Factions sadly live their lives on something that has not actually happened.

Factions thrive on anger.  Why anger?

When someone is hurt or experiences pain in their life, the person will often seek to numb the inward pain with outward anger. 

Anger is always secondary to a deeper hurt.  Anger allows the brain to release key hormones that soothe and numb the pain.

When someone is driven by anger, they can become emotionally-flooded.  This makes peaceful resolution difficult.  Perhaps this is why the Apostle Paul wrote:

"Brothers and sisters, if someone is caught in a sin, you who live by the Spirit should restore that person gently."  (Galatians 6:1)

When angry people pile-up, you have a faction.  Factions are very manipulative and will often warp facts to fit their narrative.  Because anger arousal is high, it is difficult for the faction to parse facts from fiction.  

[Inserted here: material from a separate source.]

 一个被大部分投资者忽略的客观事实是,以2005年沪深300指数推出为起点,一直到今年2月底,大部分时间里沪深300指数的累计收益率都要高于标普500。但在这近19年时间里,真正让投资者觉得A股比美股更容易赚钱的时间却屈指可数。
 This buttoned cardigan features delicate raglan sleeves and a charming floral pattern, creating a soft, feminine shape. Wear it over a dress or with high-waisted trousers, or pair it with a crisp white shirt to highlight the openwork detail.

This is why the Scriptures warn believers against bitterness:

"See to it that no one falls short of the grace of God and that no bitter root grows up to cause trouble and defile many." (Hebrews 12:15)

When factions form, conflict is inevitable.
The solution involves honest, gospel-centered conversation:

"Contrary to our instincts, hard conversations usually don't kill relationships.

They save them.

It's choosing the short, life-saving pain of surgery over the longterm, fatal pain of cancer."
(Josh Howerton)

Galatians 6:1 and Matthew 18:15-17 say to go to our brother.  
Ephesians 4:25-27 says to go without delay.

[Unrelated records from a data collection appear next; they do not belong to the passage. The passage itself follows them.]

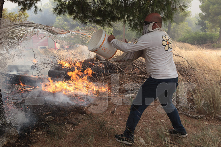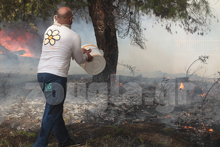 Κάτοικοι με λάστιχα, μάνικες και ό,τι άλλα μέσα διαθέτουν συνδράμουν στην πυρόσβεση, προκειμένου να σώσουν τις περιουσίες τους.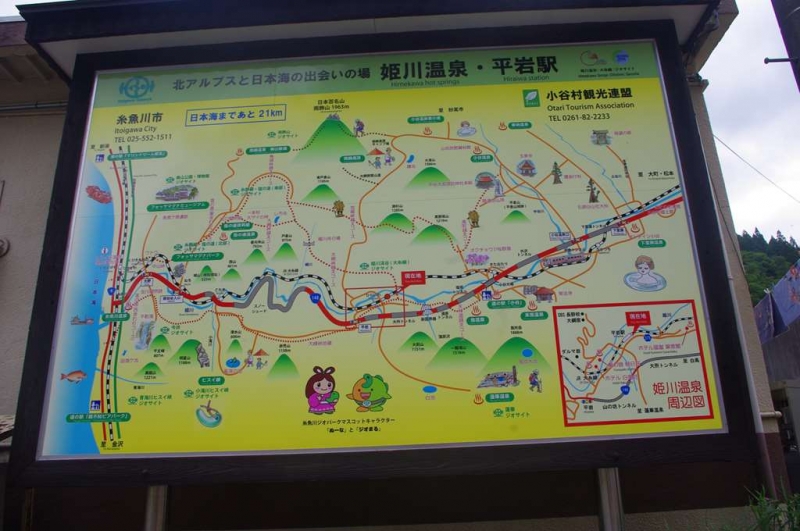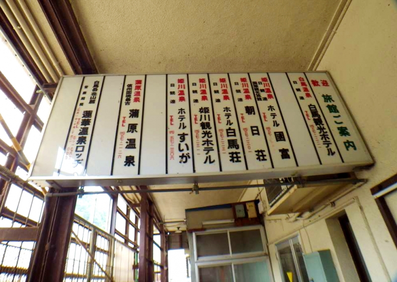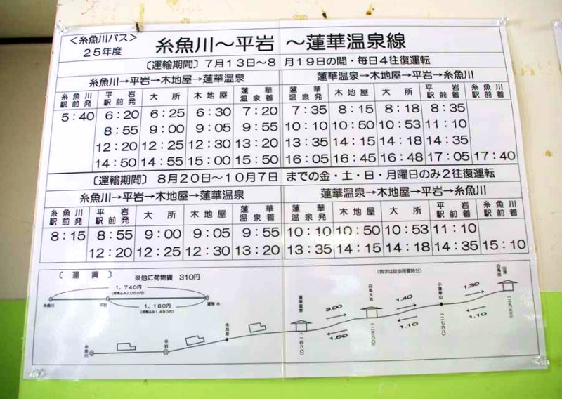 駅舎内に貼ってある蓮華温泉までのバス時刻表。いつかこのルートから鉱山道を通って白馬岳に登ってみたいと思っているが…。
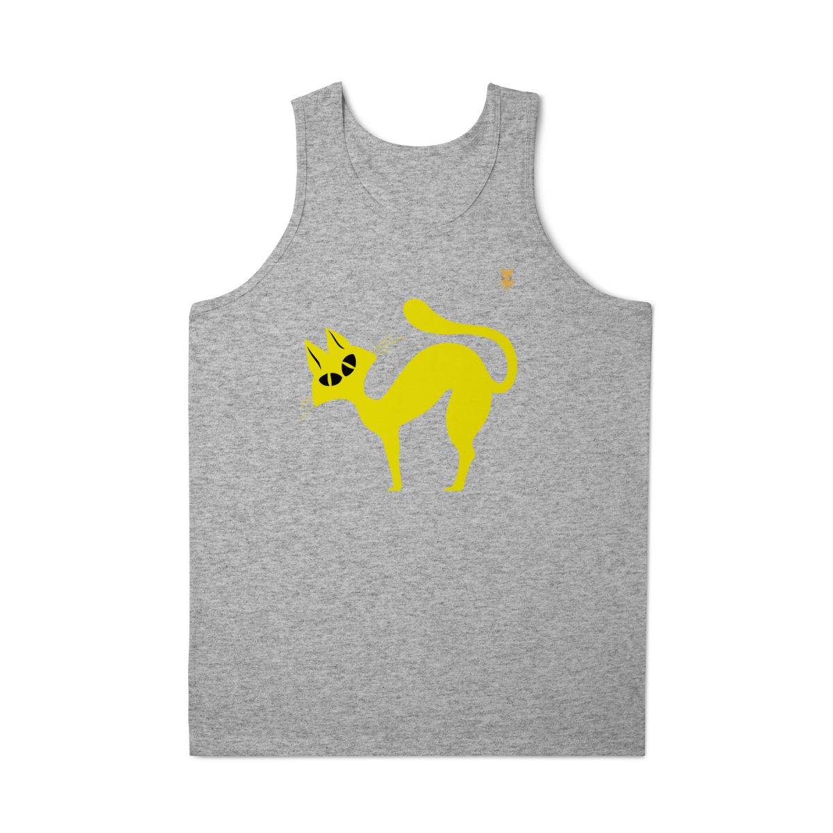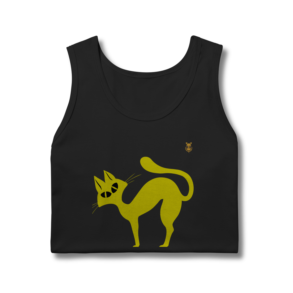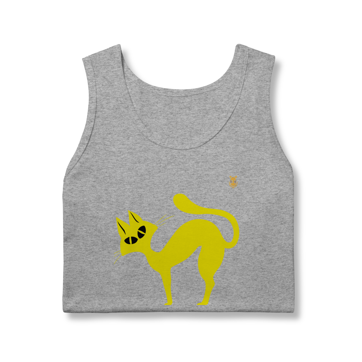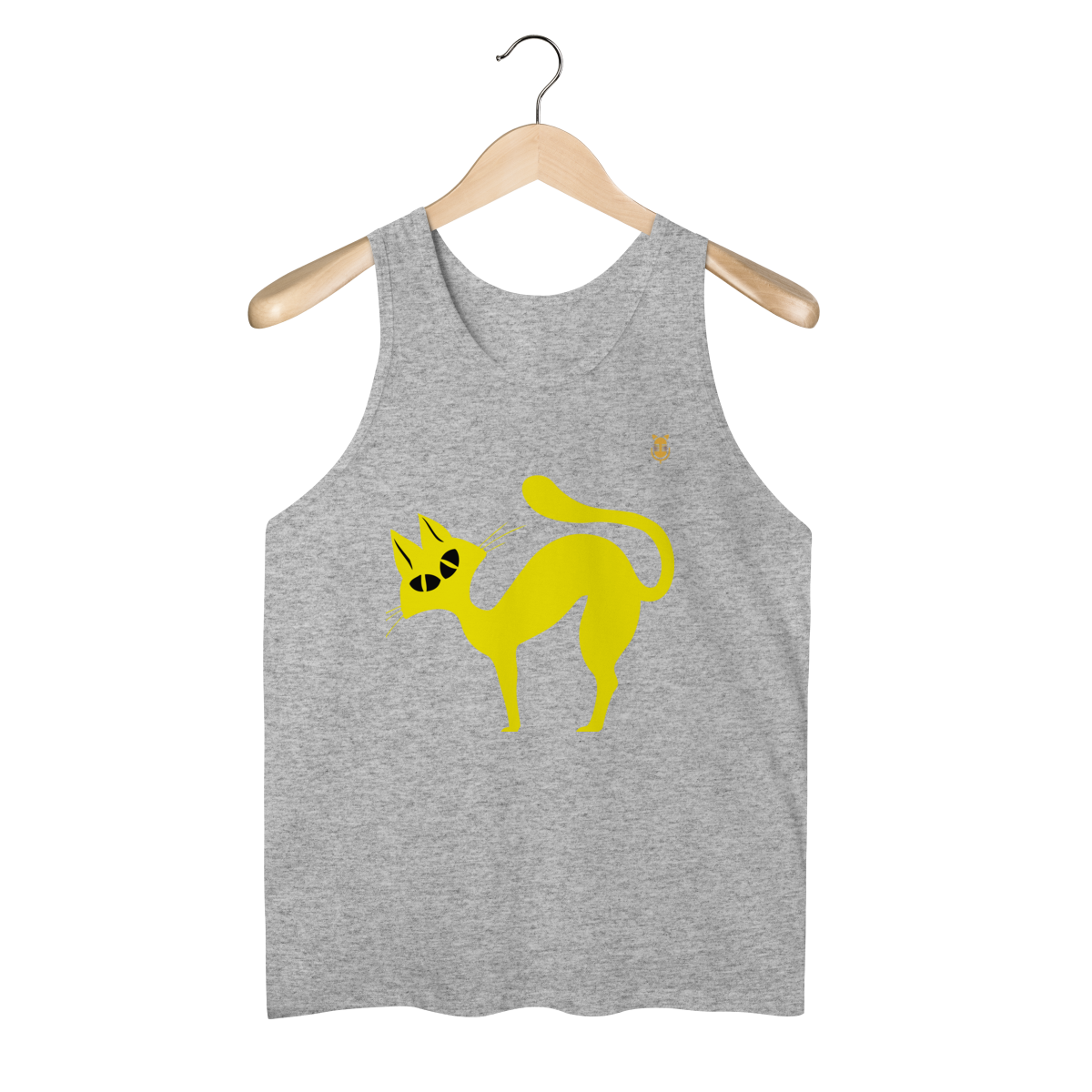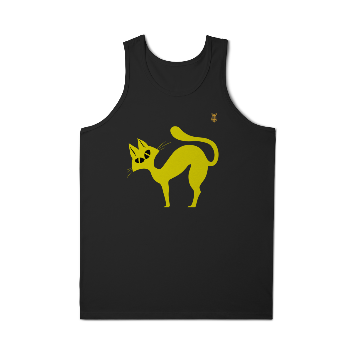 A  Gato Curioso traz um felino estilizado em linhas fluidas amarelas, com expressão intrigante e charme minimalista.

If a faction shuns/ghosts/refuses you, you can still forgive them.

Forgiveness is not a feeling, it is a choice.

You have the rightful choice to untether your heart from their hurt.

"You can forgive even if the person who wronged you is unrepentant.

You can repent even if the person you've wronged won't forgive you.

But there can be no reconciliation without repentance from the wrong and forgiveness from the wronged."

(Jared Wilson)
"Make every effort to keep the unity of the Spirit through the bond of peace."
(Ephesians 4:3)


At the church I love, we have decided on three proactive approaches to head off the forming of any future factions.

For what it's worth, here is what we have learned from this heartbreaking experience:

1. We will always choose conversation over condemnation.

2. We will always seek to maintain the relationship over trying to win an argument.

3.  We will always speak with honesty, not hypocrisy.

And as always, I choose to remain open and ready to meet with anyone, anytime, anywhere with a humble heart and a listening ear.